Set the printhead to the printer's Cartridge Changing position. Once in position, UNPLUG the Power lead. Do NOT just switch off the printer as that will simply re-park the printhead, which locks into its parked position. Once power is removed, you can then freely move the printhead side to side. Move to the left enough so that you can lay in the well that the printhead travels over a folded length of linen type material. It needs to be folded at least twice to make it thick enough for this procedure to work. Ideally, you will end with three layers thickness. As a guide, it should be around 8" long and when folded twice, about 1½" wide. Ideally use a syringe (10ml size is fine - no need for a needle) and after filling it with the solution, carefully work along the pressed-down "pad" to wet it with the solution. Now carefully move the printhead to go over this pad. Lift the two ends and "Wipe" the underside of the printhead = nozzles. Just do this towards one half of the pad. Lay down the pad again and then move the head until it sits over the "as yet unused" end of the pad. Leave for at least 10 minutes. After thet, lift both ends of the pad and do a final side-to-side wipe then remove the pad.

Restore the power lead - for these models, the ON switch is an actual switch - not an electronic type, so the printer will simply start up again, park the head and may do a clean. If a different Epson model, press the ON switch of course. Then try a Nozzle Check. If necessary, do a Clean followed (ALWAYS!) by a Nozzle Check. Should you be unlucky - most likely due leaving the printer for a very long period unused - you may have to reperat this but for a second procedure, leave the pad in place for at least an hour. Then continue as described above.
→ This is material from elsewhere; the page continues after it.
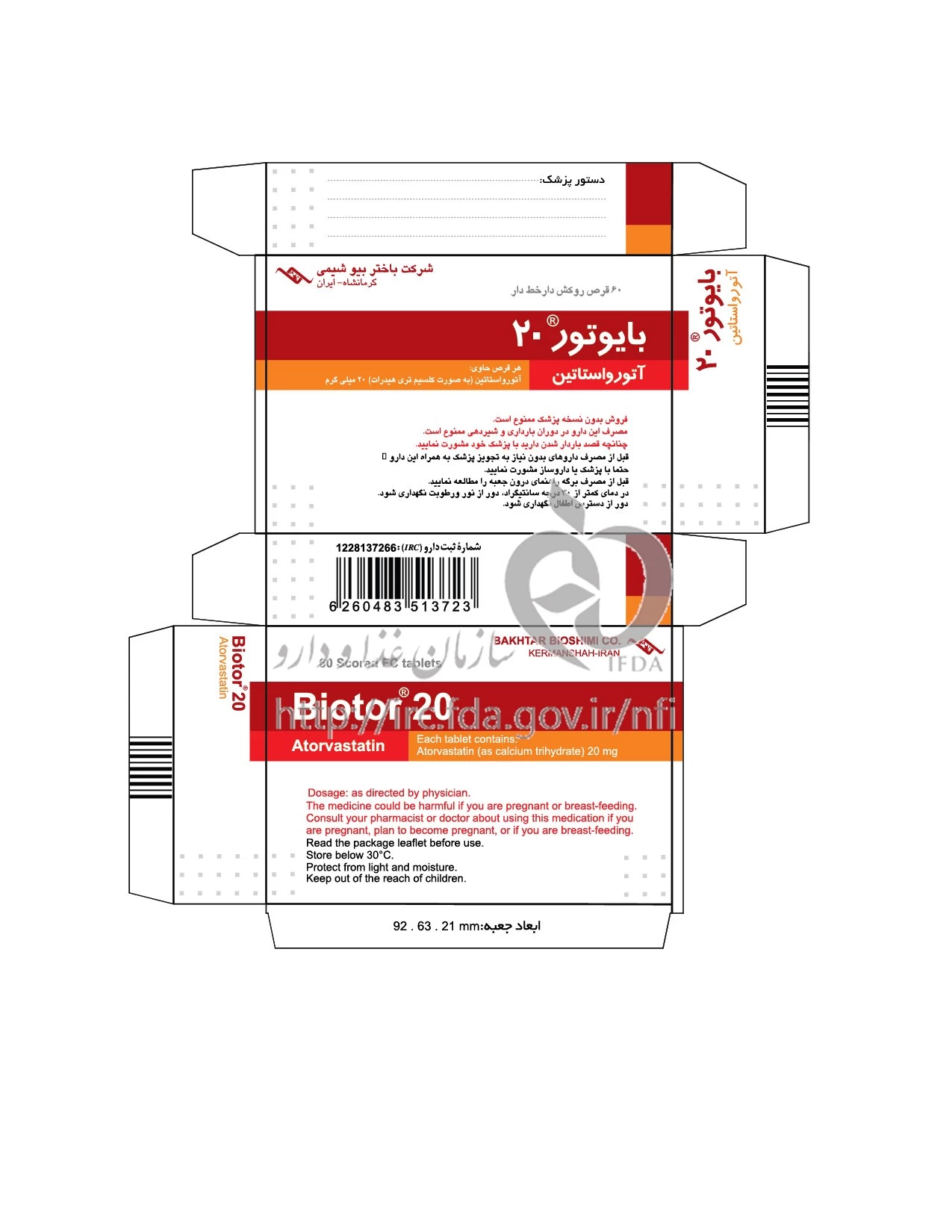 موارد مصرف ، عوارض جانبی ، مصرف بارداری و تداخلات دارویی بایوتور قرص خوراکی 20 mg

You may find for the first couple of prints for Nozzle Checks you have some blobs of ink - they will clear after a couple of printouts - so just do a couple of more nozzle checks to clear. Ideally, to finalise this whole procedure, obtain a Purge Image File (choose one that matches your number of cartridges of course) and print one out. It is best to open such a file in such as PhotoShop, then crop so you only get a depth to print of about 2". A full A4 purge page will use too much ink and is unnecessary.